It's not clear from your post why you feel this is insufficient. Perhaps you need to have wrapping functionality - in which case you're unfortunately out of luck, there's no efficient way to wrap on a portion of a texture.
I don't see how this could be done CPU wise? But here's what I'm attempting to use to render a section of a texture (frag shader)
#version 140
in vec4 frag_color;
in vec2 frag_tex_coord;
uniform sampler2D tex;
uniform vec2 frag_tex_coord_offset;
void main(){
gl_FragColor = texture(tex, frag_tex_coord + frag_tex_coord_offset);
}
The UVs must be being created on the CPU from somewhere (e.g. are you loading a model from the disk, are you creating quads in a 2D renderer?).

In general if the vertices are dynamic (e.g. they're coming from your 2D system or your particle system or something), I'd imagine you're best off adjusting the vertex UVs before you render them. If the vertices are static (e.g. you're animating part of a world mesh, like a TV screen), then you might want to be doing something like your sample except:

1. You should do the offset in the vertex shader, not the fragment shader.
2. You probably need a scale as well as an offset.
The uvs are computed from xml files at run-time. But I can't 'skip' a portion of a texture using supplied uvs, right? Also, what I'm using is working, I just moved it to the fragment shader.

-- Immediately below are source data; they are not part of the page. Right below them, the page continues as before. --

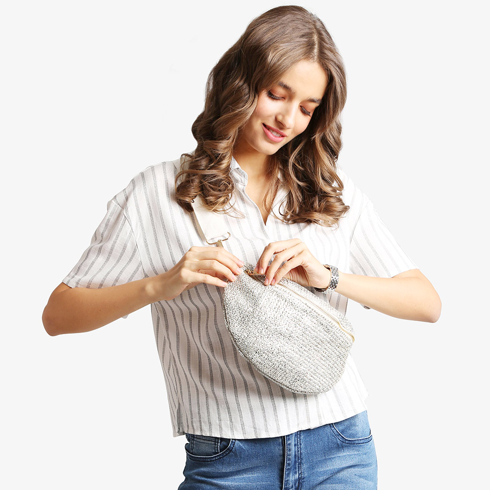 Solid Embroidered Crossbody Belt Bag / Sling Bag / Fanny Pack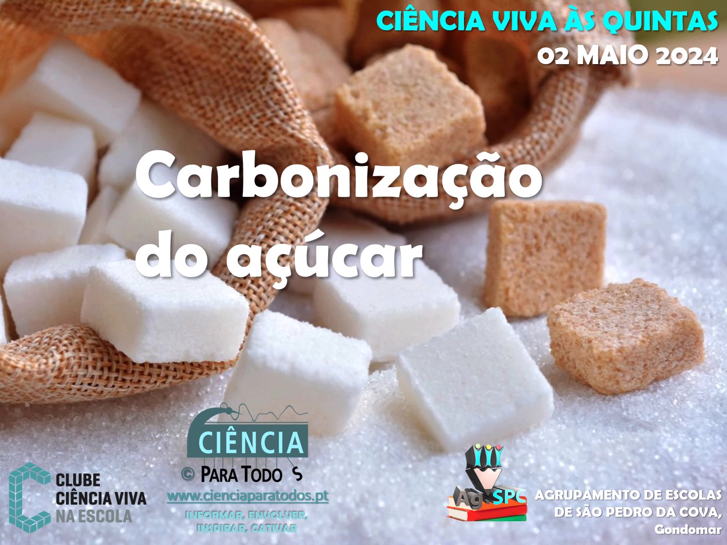 Foi, assim, neste contexto, que a curiosidade, o interesse e a motivação para “saber mais” dos “Jovens Cientistas” do Clube Ciência Viva na Escola se mantiveram ao rubro. Com os diversos materiais e equipamentos bem-acondicionados em tabuleiros, estes exploradores da ciência saíram do laboratório e foram realizar a carbonização do açúcar num local bem arejado. Foi enorme a surpresa e foram muitas as questões que surgiram sobre o que estava a acontecer dentro do gobelé em cima da mesa de pedra no jardim da escola. O que aconteceu? O que é esta estrutura negra que se formou? Que bom momento para conversar sobre as transformações químicas!! Afinal, elas andam por todo o lado e há vários fatores ou agentes que levam à sua ocorrência!
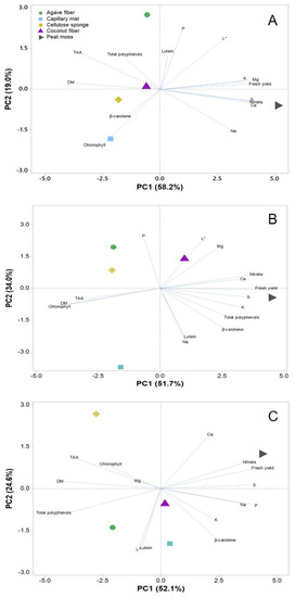 Principal component analysis (PCA) has been previously demonstrated as an effective way of collectively representing sample population differences over multiple traits of productivity and quality in response to numerous cultivation factors [13,14,61]. In the current study, the PCA enabled a summarized view of the relations between microgreens crop performance and the compositional variables assessed (Figure 2A–C). Owing to the significant species-substrate interaction observed on most of these variables, PCA analysis was performed separately for each species. As a result, the species-dependent effects of the five substrates were better visualized and the quality of the PCA loading and score plots were improved, as indicated by the high percentage of the total variance (76.7–85.7%) accounted for the first two PCs. The main conclusive evidence provided with respect to the three species examined is the superiority of peat moss over other substrates in terms of microgreen yield and overall mineral content; however, peat moss also resulted in higher nitrate and lower dry matter content in microgreens across species. Chlorophyll content was particularly enhanced in microgreens grown on capillary mat and cellulose sponge. On the contrary, the concentrations of total polyphenols and major carotenoid molecules varied across substrates in a species-specific manner. For instance, total polyphenols were lowest on peat moss for coriander and pak choi microgreens, whereas kohlrabi microgreens grown on peat moss had the highest polyphenols. Therefore, the PCA representations underpin the main conclusion derived from the tabulated results (Table 2, Table 3, Table 4 and Table 5) that although the superiority of peat moss in several productive and compositional traits of microgreens is demonstrable, further research work is warranted to elucidate the interactive effects of substrate on certain quality traits of particular species. Although the synthetic substrates presently examined do represent competitive alternatives to peat moss, particularly in terms of growth rate, fresh yield and microgreens mineral composition, research work on finding viable alternatives to peat moss is warranted by sustainability issues associated with peat moss extraction [30], and also due to microbial safety aspects associated with the use of organic materials such as peat moss for microgreens production [22].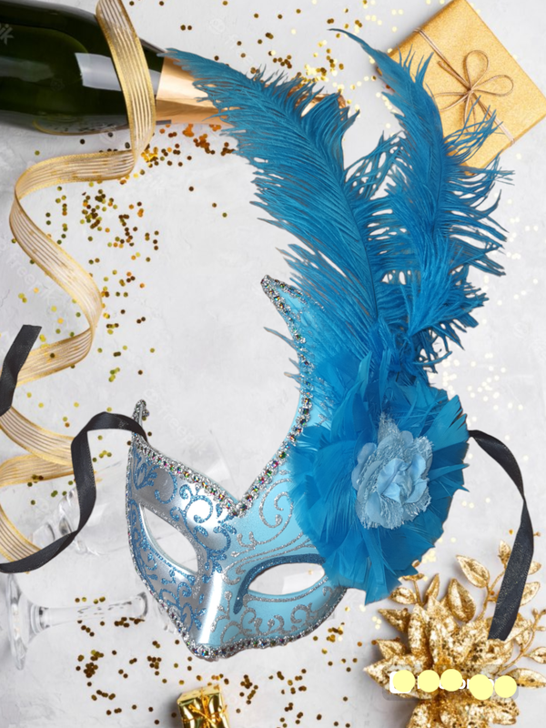Венецианская маска боакитно-серебристого ульора с длинными перьями, и перьевой цветком. Ширина маски 26 см Высота маски 21 см,а с перьями 44 см (Длина перьям 38 см,ширина 10см-12см).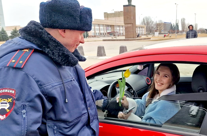 В преддверии Международного женского дня, сотрудники госавтоинспекции города Волжского совместно с активом общественного движения «Помощи на дорогах» провели акцию для женщин-водителей «Цветы для автоледи».
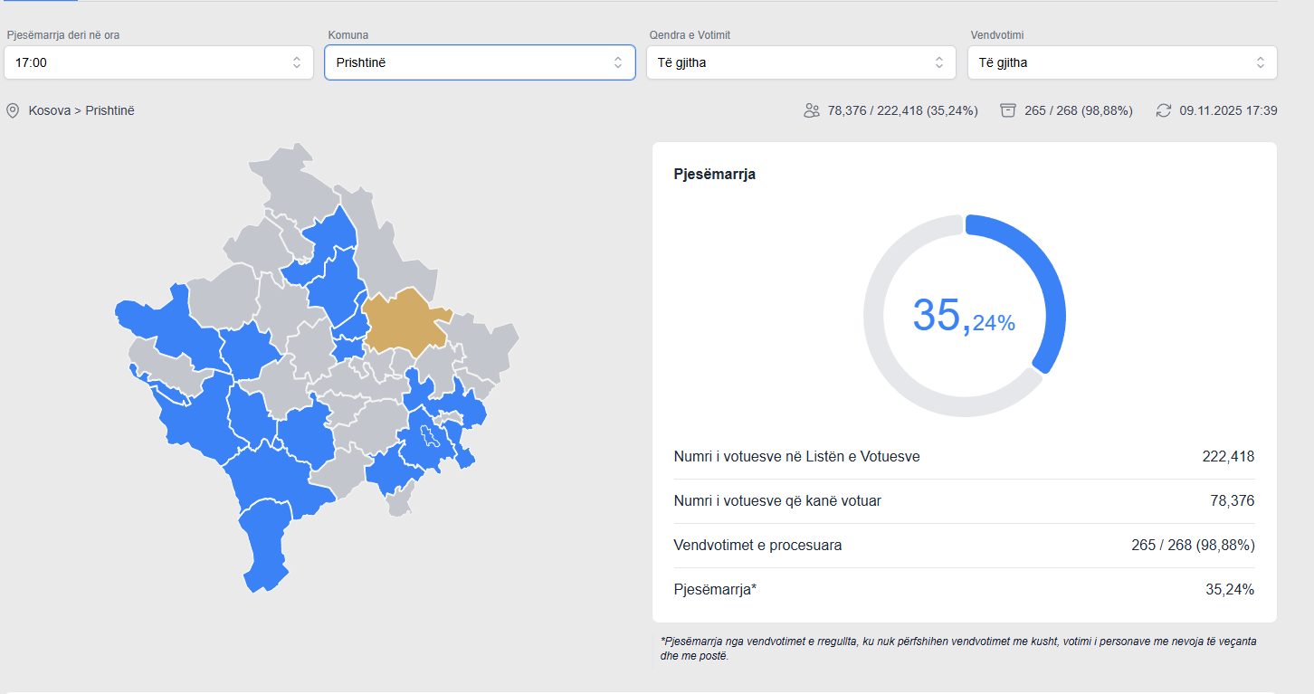 Ndërsa në zgjedhjet e 12 tetorit, deri në orën 17:00 në Prishtinë kanë dal numër më i madh i votuesve. 38.62 për qind.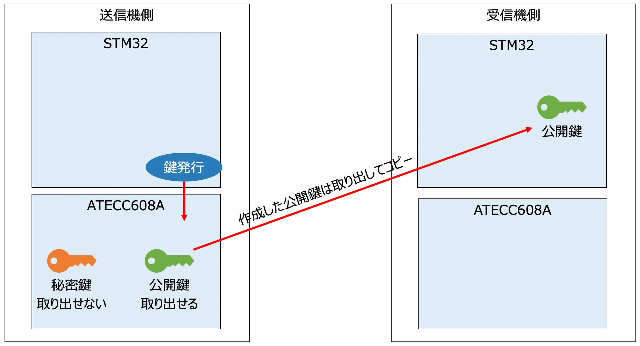 Section titled “1. キーペアを発行する”まず初めに、署名の発行を行うためにATECC608Aの初期化をする必要があります。 この初期化手順では、署名を行うためのキーペアをATECC608Aに発行してもらいます。 STM32リーフからI2CでATECC608Aにキーペア発行命令を送り、公開鍵と秘密鍵のキーペアを作成します。この時、公開鍵はI2C経由でSTM32リーフに伝えられ読み出すことができますが、秘密鍵はATECC608A内部のメモリーにのみ保存され、STM32側は読み出すことができない仕組みとなっています。

But I can't 'skip' a portion of a texture using supplied uvs, right?


Of course you can. Assuming you load a coordinate (u, v) from your source file you can adjust those texture coordinates to whatever you want before sending them to the graphics card.

For example the mesh assumes it has a texture of 128x128 pixels but in reality this texture is part of a bigger atlas texture (let's say 512x512, starting at (128, 64)). In this case you could simply transform the loaded (u, v) as such:

newU = (128.0f + (oldU * 128.0f)) / 512.0f;
newV = ( 64.0f + (oldV * 128.0f)) / 512.0f;
Ah well that makes sense. Although I thought UVs were only for supplying corners.

Although I thought UVs were only for supplying corners.

They supply the texture coordinate that matches the given vertex - if your vertices are all corners, then yes, your texture coordinates generally also define corners.

But that's just the trivial case of rendering quads. Consider a large mesh, such as a rectangular area of terrain: there will be many edge and interior vertices, in addition to the corners, and each has it's own texture coordinate, defining where on the texture should map to that vertex.